Output resorted descendingly by confidence:

reynaert@red:/reddata/PILOTS/MORSE/TICCL$ grep --color '^Amarican' /reddata/PILOTS/MORSE/RUNAUTO5FORE/zzz/TICCL/RUNAUTO5FORE.wordfreqlist.1to3.tsv.clean.anahash.INDEXERFORE.LDCALC.RANK.CLIP5.ranked |sort -gr -t '#' -k 6 |more
Amarican#1#American#3001522167#1#0.998421
Amarican#1#America#4000475833#2#0.996842
Amarican#1#Americas#3000025187#2#0.995474
Amarican#1#African#2000256933#2#0.993263
Amarican#1#Américas#3000000831#2#0.991158

Nevertheless: the 'best-first ranked' candidate without parameter --clip is still the one obtained by highest frequency sorting:

reynaert@red:/reddata/PILOTS/MORSE/TICCL$ grep --color '^Amarican' /reddata/PILOTS/MORSE/RUNAUTO5FORE/zzz/TICCL/RUNAUTO5FORE.wordfreqlist.1to3.tsv.clean.anahash.INDEXERFORE.LDCALC.RANK.ranked |more
Amarican#1#America#4000475833#2#0.996842

Addressing B/ : In prior runs without the foci file curtailed to the foreground corpus only we found that 'tire' is often a confusable for 'the'. We are rather surprised that that is still the case, although many more pairs representing this pair seem now to have been properly filtered out on the basis of their frequencies, i.e. these being validated word form pairs. We now see that in some cases this still happens, which is in itself another issue to be addressed. (This may be because capitalized word forms did not get the artifrq, at least in some of these cases).

Example:

reynaert@red:/reddata/PILOTS/MORSE/TICCL$ grep '^tirethe' /reddata/PILOTS/MORSE/RUNAUTO5FORE/zzz/TICCL/RUNAUTO5FORE.wordfreqlist.1to3.tsv.clean.anahash.INDEXERFORE.LDCALC.ldcalc.ambi
tirethe#first_tire~~First_the#first_tire~~first_the#tire_Great_Kanhaway~~the_Great_Kanhaway#tire_Great_Kanhaway~~the_great_Kanhaway#tire_Guisos_Mexico~~the_Guisos_Mexico#tire_Guisos_Mexico~~the_guisos_Mexico#tire_Guisos~~the_Guisos#tire_Guisos~~the_guisos#tire_Milliiippi~~the_Milliiippi#tire_life~~the_LIFE#tire_life~~the_Life#tire_life~~the_life#

As stated before, we are not currently attempting to solve confusables.
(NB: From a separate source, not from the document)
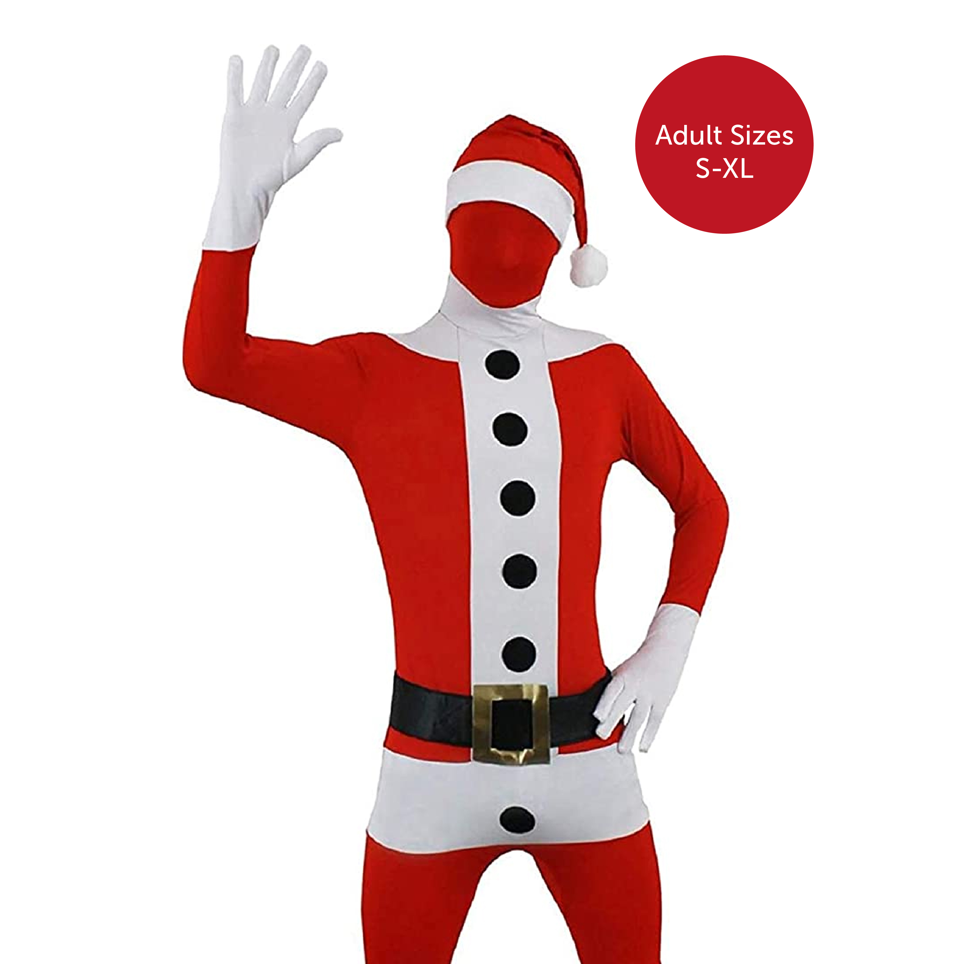 PERFECT FOR CHRISTMAS AND ELF FANCY DRESS: Whether you’re getting ready to jingle all the way to your next Christmas event, or to have some fun at your next Christmas-themed occasion, our Adults Santa Skinsuit Costume will help you slip straight in!
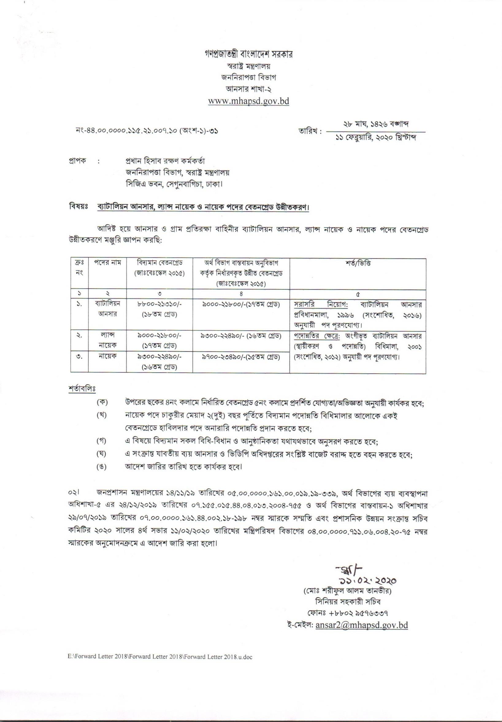 আদিষ্ট হয়ে আনসার ও গ্রাম প্রতিরক্ষা বাহিনীর ব্যাটালিয়ন আনসার, ল্যান্স নায়েক ও নায়েক পদের বেতনগ্রেড উন্নীতকরণে মঞ্জুরি জ্ঞাপন করছি:

But this example allows us to explain the issue currently at hand.

The short forms have duly been added to the *short.ldcalc file, as we have recently decided to do. It is here the first of the nine last of 52 such 'confusable' pairs in *short.ldcalc.

reynaert@red:/reddata/PILOTS/MORSE/TICCL$ grep '^tire' /reddata/PILOTS/MORSE/RUNAUTO5FORE/zzz/TICCL/RUNAUTO5FORE.wordfreqlist.1to3.tsv.clean.anahash.INDEXERFORE.LDCALC.short.ldcalc |tail -n 9
tire00~~the~~00022010012
tire00tides~~1000007728~~100000988102311001
tire00~~ties~~0002201005
tire00tin0002201001
tire00~~tis~~0002201001
tire00toe0002201001
tire00~~tone~~0002201001
tire00wine0002200002
tire00~~wise~~000220000~1

[Another new issue which seems to have popped up the last week or so (as a consequence of one of the latest adjustments to the work flow) is here apparent: for lots of these pairs the usual information such as frequencies etc. is now missing.]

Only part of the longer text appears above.